WHAT YOU SHOULD DO: Please return the data word for word and leave out any picture it contains.

:: SOURCE MATERIAL ::

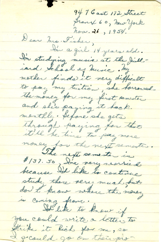 A two-page, handwritten letter from music student Kathleen Brown to globally renowned contralto Marian Anderson Fisher (1897-1993). In the letter, Brown describes financial constraints in paying for her tuition at Juilliard School of Music. She asks for Marian Anderson to write a letter to the radio game show “Strike It Rich.”
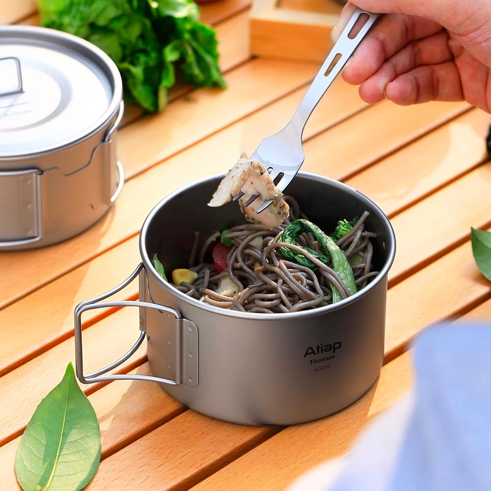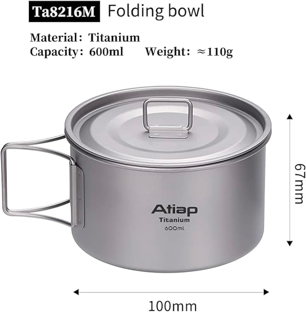 Easy to Storage. The 450ml bowl with the handle design, which is convenient for carrying. Note: The package includes 1 piece 450ml ATiAP Titanium bowl only.
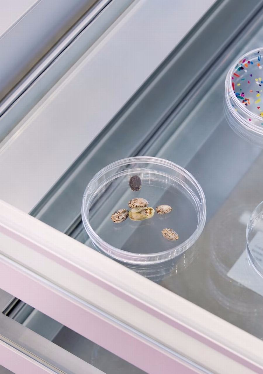 每个设计特性都是为承载不断变化的内容而构建的。两侧的玻璃架子上放置着色块产品,中心是创新桌。作为一件具有教育意义的家具,橱柜有几层透明的材料,展示了用于展示收藏品的任何技术的内部工作原理。这个空间被一块绿色的生活植物所封闭:一个装满了当地专家选择的植物的玻璃容器——每个地方的选择都是不同的。

:::

REPLY TO THE TASK:
 A two-page, handwritten letter from music student Kathleen Brown to globally renowned contralto Marian Anderson Fisher (1897-1993). In the letter, Brown describes financial constraints in paying for her tuition at Juilliard School of Music. She asks for Marian Anderson to write a letter to the radio game show “Strike It Rich.”
 Easy to Storage. The 450ml bowl with the handle design, which is convenient for carrying. Note: The package includes 1 piece 450ml ATiAP Titanium bowl only.
 每个设计特性都是为承载不断变化的内容而构建的。两侧的玻璃架子上放置着色块产品,中心是创新桌。作为一件具有教育意义的家具,橱柜有几层透明的材料,展示了用于展示收藏品的任何技术的内部工作原理。这个空间被一块绿色的生活植物所封闭:一个装满了当地专家选择的植物的玻璃容器——每个地方的选择都是不同的。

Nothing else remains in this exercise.